De Raad BIG heeft in mei 1996 geadviseerd over het toenmalige concept-besluit opleidingseisen apotheker. De aanbeveling van de Raad om de opleidingsduur uit artikel 2, derde lid, van de richtlijn, expliciet in het besluit op te nemen, is niet overgenomen. Deze eis is immers al ondergebracht in de WHW. Herhaling van de Europeesrechtelijke eisen in het onderhavig besluit heeft geen toegevoegde waarde en is dus overbodig. Verder heeft de Raad BIG laten weten dat in het toenmalig concept-besluit abusievelijk niets was opgenomen over medische hulpmiddelen. Deze omissie is in het onderhavige besluit recht gezet door artikel 4 op dit punt uit te breiden (artikel 4, onder a, sub 6, en onder b, sub 2).
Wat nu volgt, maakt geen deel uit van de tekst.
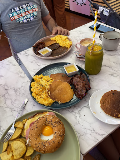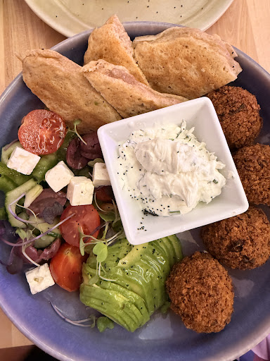 Read moreWow. Was craving something healthy-ish for brunch after eating lots of fried food and tapas. This place is spectacular. Every granular detail is well focused and is a balance between healthy and comforting. I had the souvlaki falafel bowl with avocado. The yogurt had fresh herbs, salad was super fresh. The homemade bread and crispy crunchy falafel were to die for. My partner had the Arepitas and a side of scrambled eggs. The side of eggs were fluffy and fresh. Fresh juices, awesome coffee. This was surprisingly one of the best places we ate for any meal on this trip, including Japan. Kudos to the talented team here for making an unexpected outrageously awesome...
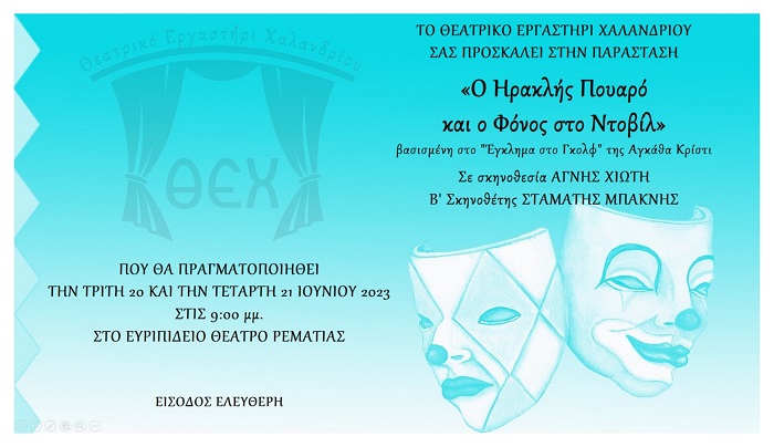 Το Θεατρικό Εργαστήρι Χαλανδρίου με ιδιαίτερη χαρά σας προσκαλεί να παρακολουθήσετε την παράσταση «Ο Ηρακλής Πουαρό και ο Φόνος στο

Voorts zijn de meeste aanbevelingen van de Raad BIG met betrekking tot de inhoud van de opleiding overgenomen.

II Artikelsgewijs

Artikel 2

Om een adequaat niveau van functioneren van een beginnend beroepsbeoefenaar te kunnen garanderen, is het noodzakelijk dat toetsing van de kennis en vaardigheden door middel van een examen plaatsvindt. De onderdelen waarop toetsing plaatsvindt, worden in dit besluit evenwel niet voorgeschreven. Een opleidingsinstelling kan zelf bepalen hoe het examen wordt ingevuld. Ook de vorm van het examen wordt niet voorgeschreven. Een examen kan dus een eenmalige toetsing aan het einde van de opleiding zijn, maar kan ook bestaan uit meerdere toetsmomenten gedurende de opleiding al dan niet gecombineerd met een afsluitende toets.

Artikel 3

Het eerste lid van dit artikel is overgenomen van artikel 2, derde lid, van de richtlijn. De totale studieduur van de opleiding is vastgelegd in artikel 7.4, derde lid, van de WHW. Hierin wordt bepaald dat de studielast van een opleiding voor het beroep van apotheker 252 studiepunten bedraagt.
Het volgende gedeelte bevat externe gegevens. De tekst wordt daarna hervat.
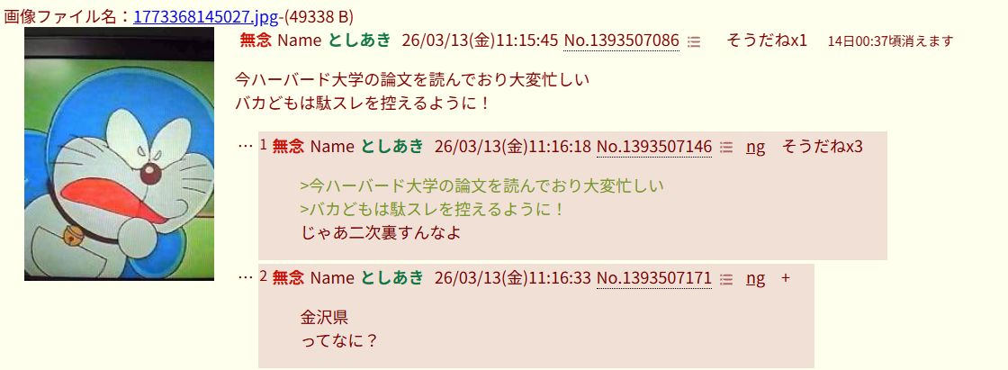 | … | 41無念Nameとしあき26/03/13(金)12:03:26No.1393513325+日本語で話そ |
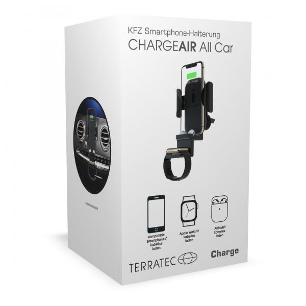 Il TERRATEC ChargeAir All Car li porta tutti con te: il supporto intelligente per auto non solo si prende cura di smartphone, Apple AirPods e Apple Watch durante la guida, ma carica anche i dispositivi mobili in modalità wireless durante il viaggio. Il caos nella consolle centrale o la batteria scarica dello smartphone durante la navigazione appartengono al passato grazie al supporto a induzione per le griglie di ventilazione, un adattatore di ricarica rapida per l’accendisigari e un cavo da USB a micro-USB da 100 cm sono inclusi nel caricabatterie.

De in het tweede lid genoemde vakken, met uitzondering van het vak informatisering, zijn die welke worden genoemd in artikel 2, vijfde lid, van de richtlijn.

Artikel 4

Artikel 4, onder a, sub 1 tot en met 5, alsmede sub 7 en 8, zijn overgenomen van de artikelen 1, tweede lid, en 2, eerste lid, van de richtlijn, waarin de eindtermen worden geregeld.

De eis om vaardigheid te verwerven in het verschaffen van voorlichting en advies omtrent het gebruik van geneesmiddelen is overgenomen van artikel 1, tweede lid, van de richtlijn. De eis om kennis en vaardigheden te verwerven in de bereiding van geneesmiddelen is overgenomen van artikel 1, tweede lid, en artikel 2, eerste lid, van de richtlijn. De overige eisen in artikel 4, onder b, zijn nieuw vergeleken met de richtlijn. Het betreft het verwerven van voldoende vaardigheid in de praktijkvoering en eisen ten aanzien van de communicatieve vaardigheden en voorts het geven van voorlichting en advies omtrent het gebruik van medische hulpmiddelen.

De Minister van Volksgezondheid, Welzijn en Sport,

E. Borst-Eilers


XHistnoot

Het advies van de Raad van State is openbaar gemaakt door terinzagelegging bij het Ministerie van Volksgezondheid, Welzijn en Sport.

Tevens zal het advies met de daarbij ter inzage gelegde stukken worden opgenomen in het bijvoegsel bij de Staatscourant van 11 november 1997 nr. 217.